--- EXTRACTED RECORDS Enclosed Below ---

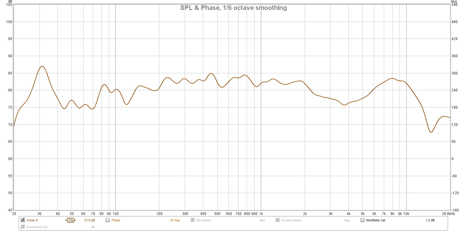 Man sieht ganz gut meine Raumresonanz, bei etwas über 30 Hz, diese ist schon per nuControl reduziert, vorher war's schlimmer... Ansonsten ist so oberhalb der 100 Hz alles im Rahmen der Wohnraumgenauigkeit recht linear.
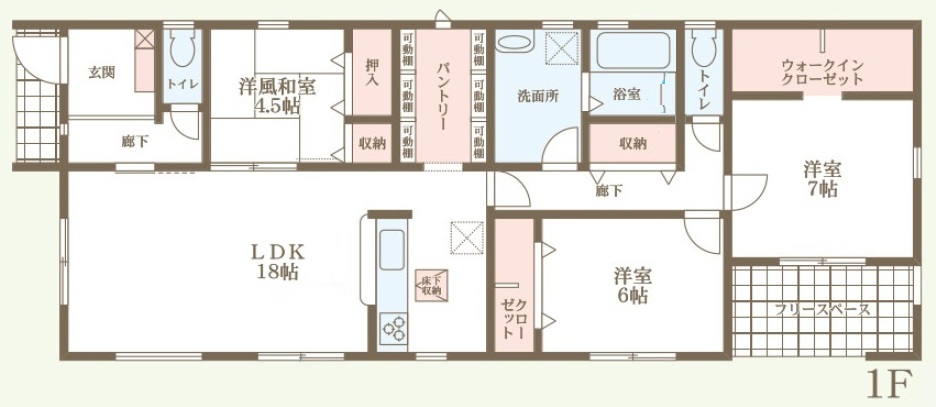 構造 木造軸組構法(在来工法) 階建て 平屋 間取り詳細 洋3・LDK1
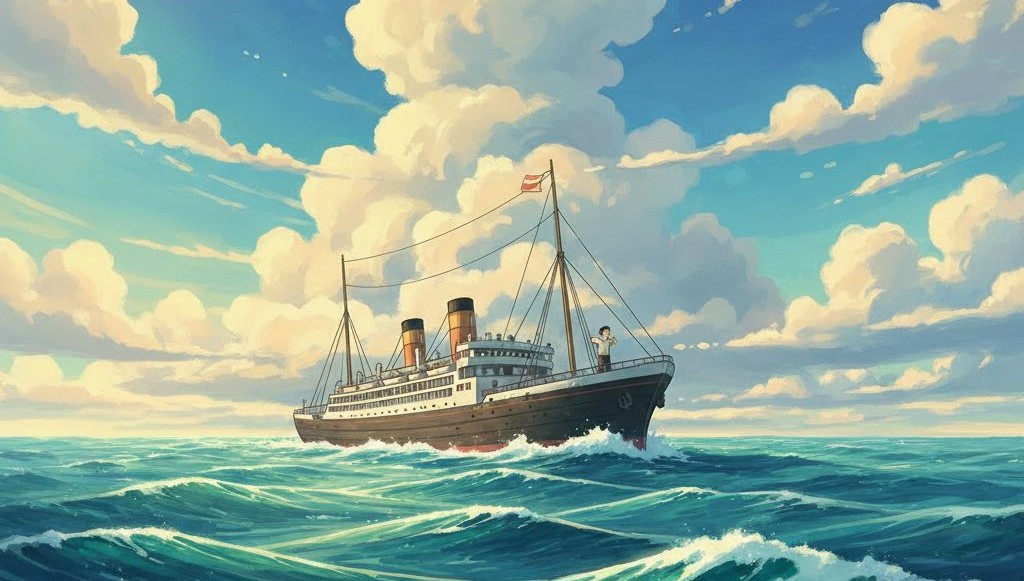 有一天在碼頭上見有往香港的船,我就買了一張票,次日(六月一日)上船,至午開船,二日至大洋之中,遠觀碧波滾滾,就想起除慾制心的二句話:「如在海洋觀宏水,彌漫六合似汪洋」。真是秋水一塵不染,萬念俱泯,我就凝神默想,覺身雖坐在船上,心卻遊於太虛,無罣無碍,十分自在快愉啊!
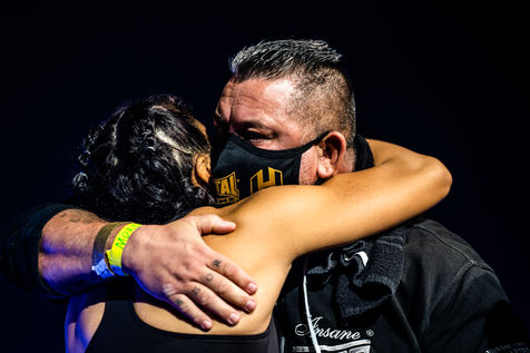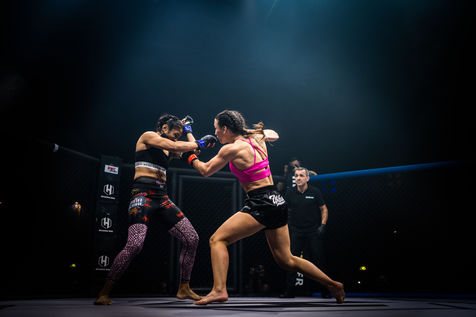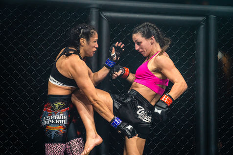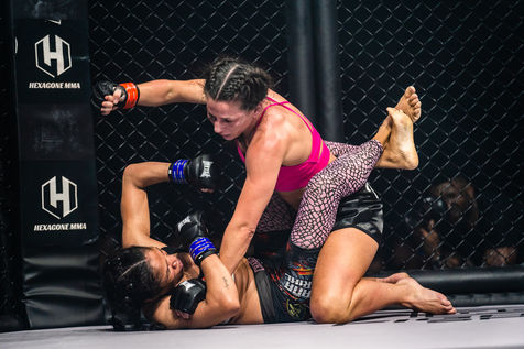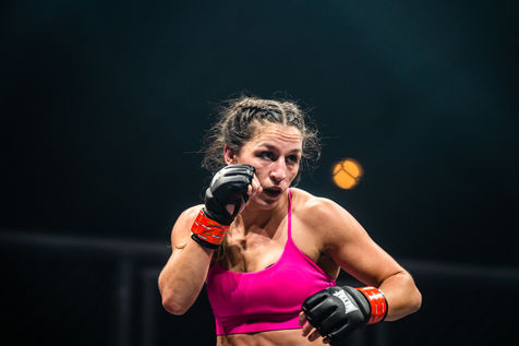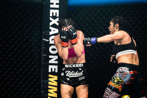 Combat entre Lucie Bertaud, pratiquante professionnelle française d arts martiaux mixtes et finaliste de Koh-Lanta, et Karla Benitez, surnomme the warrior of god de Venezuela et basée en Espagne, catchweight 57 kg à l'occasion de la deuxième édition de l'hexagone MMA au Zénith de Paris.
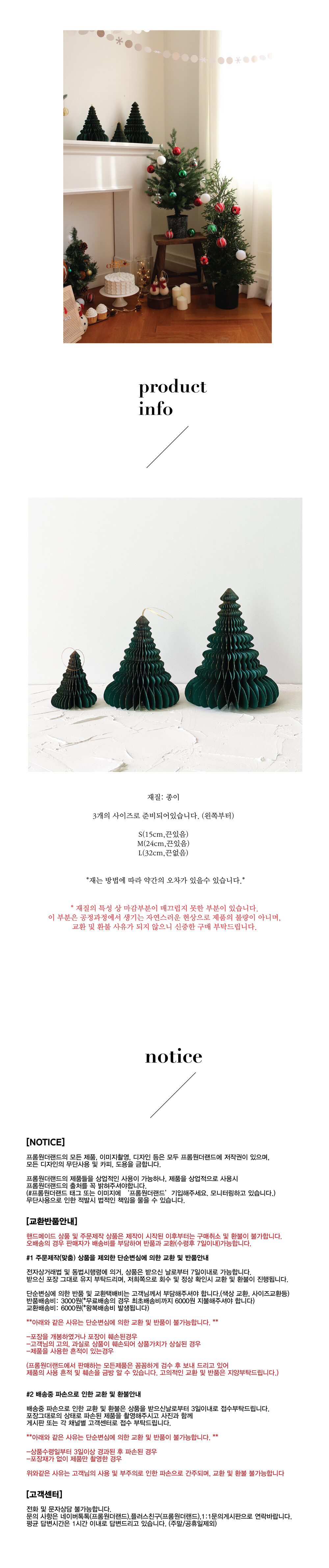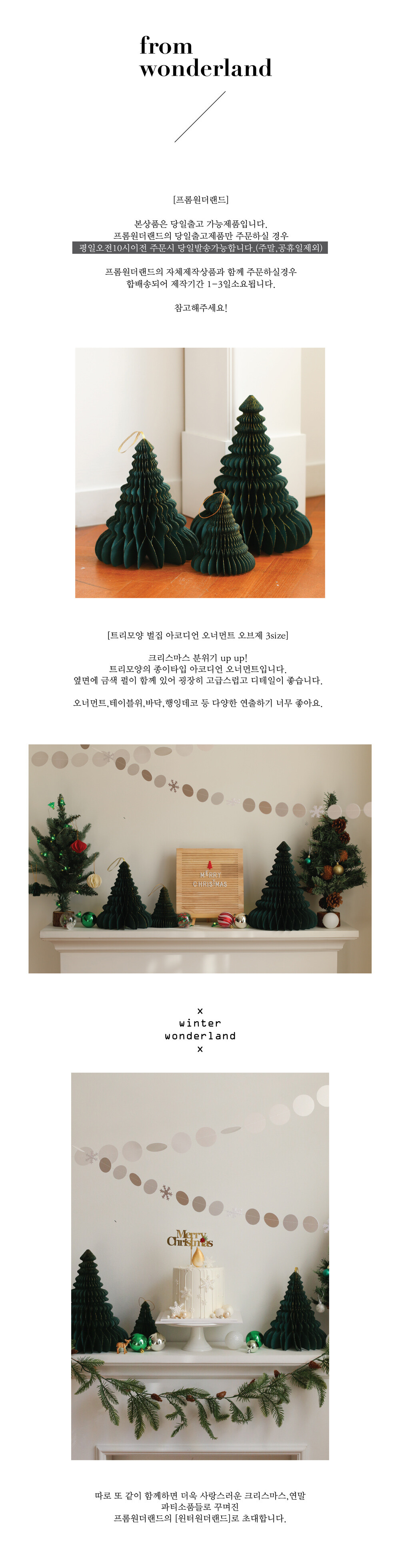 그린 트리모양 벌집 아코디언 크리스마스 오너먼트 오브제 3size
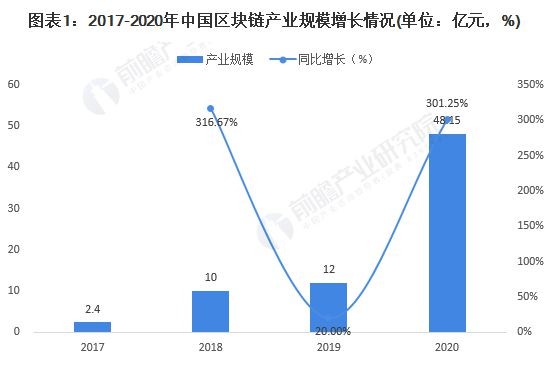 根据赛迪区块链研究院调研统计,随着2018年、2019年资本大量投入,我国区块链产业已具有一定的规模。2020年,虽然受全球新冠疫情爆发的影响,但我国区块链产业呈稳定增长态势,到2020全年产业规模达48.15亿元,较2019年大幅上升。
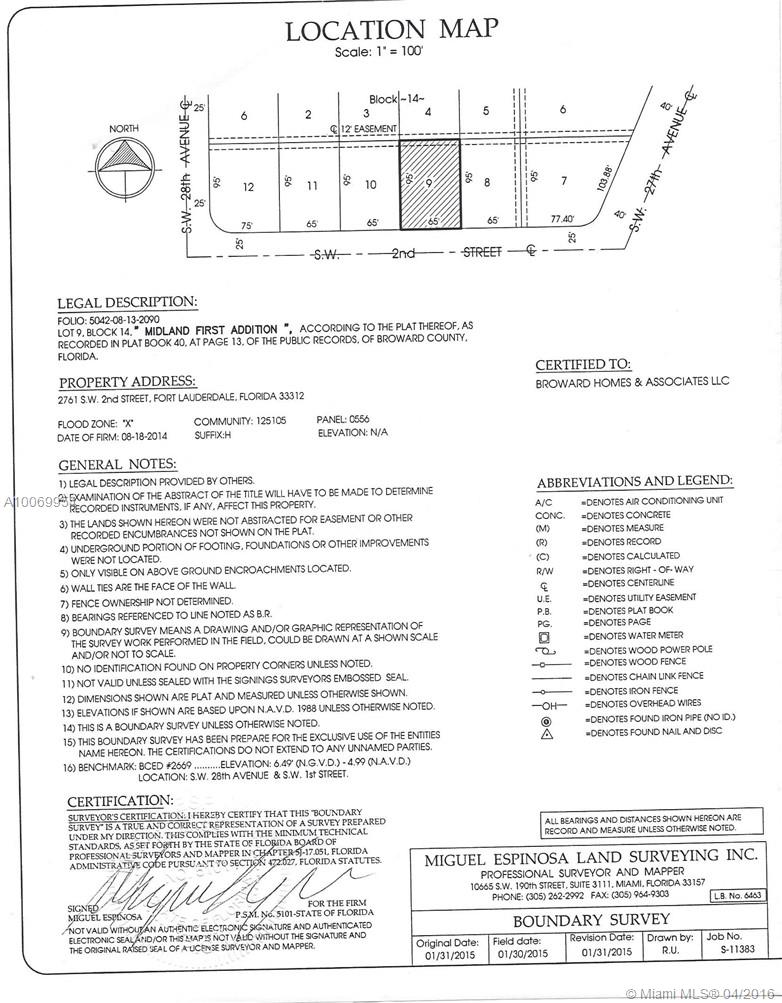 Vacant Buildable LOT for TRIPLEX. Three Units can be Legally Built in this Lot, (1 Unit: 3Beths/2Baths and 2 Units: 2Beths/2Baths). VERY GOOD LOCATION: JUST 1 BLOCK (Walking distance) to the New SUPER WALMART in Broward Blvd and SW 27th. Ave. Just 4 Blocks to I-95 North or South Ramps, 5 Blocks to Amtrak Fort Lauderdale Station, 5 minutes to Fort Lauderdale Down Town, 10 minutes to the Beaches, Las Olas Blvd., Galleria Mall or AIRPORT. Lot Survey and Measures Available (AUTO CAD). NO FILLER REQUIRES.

--- End of Enclosed EXTRACTED RECORDS ---

Transcribe all of the lines above exactly as given. The pictures stay out.

* _FINISHED TASK_
 Man sieht ganz gut meine Raumresonanz, bei etwas über 30 Hz, diese ist schon per nuControl reduziert, vorher war's schlimmer... Ansonsten ist so oberhalb der 100 Hz alles im Rahmen der Wohnraumgenauigkeit recht linear.
 構造 木造軸組構法(在来工法) 階建て 平屋 間取り詳細 洋3・LDK1
 有一天在碼頭上見有往香港的船,我就買了一張票,次日(六月一日)上船,至午開船,二日至大洋之中,遠觀碧波滾滾,就想起除慾制心的二句話:「如在海洋觀宏水,彌漫六合似汪洋」。真是秋水一塵不染,萬念俱泯,我就凝神默想,覺身雖坐在船上,心卻遊於太虛,無罣無碍,十分自在快愉啊!
 Combat entre Lucie Bertaud, pratiquante professionnelle française d arts martiaux mixtes et finaliste de Koh-Lanta, et Karla Benitez, surnomme the warrior of god de Venezuela et basée en Espagne, catchweight 57 kg à l'occasion de la deuxième édition de l'hexagone MMA au Zénith de Paris.
 그린 트리모양 벌집 아코디언 크리스마스 오너먼트 오브제 3size
 根据赛迪区块链研究院调研统计,随着2018年、2019年资本大量投入,我国区块链产业已具有一定的规模。2020年,虽然受全球新冠疫情爆发的影响,但我国区块链产业呈稳定增长态势,到2020全年产业规模达48.15亿元,较2019年大幅上升。
 Vacant Buildable LOT for TRIPLEX. Three Units can be Legally Built in this Lot, (1 Unit: 3Beths/2Baths and 2 Units: 2Beths/2Baths). VERY GOOD LOCATION: JUST 1 BLOCK (Walking distance) to the New SUPER WALMART in Broward Blvd and SW 27th. Ave. Just 4 Blocks to I-95 North or South Ramps, 5 Blocks to Amtrak Fort Lauderdale Station, 5 minutes to Fort Lauderdale Down Town, 10 minutes to the Beaches, Las Olas Blvd., Galleria Mall or AIRPORT. Lot Survey and Measures Available (AUTO CAD). NO FILLER REQUIRES.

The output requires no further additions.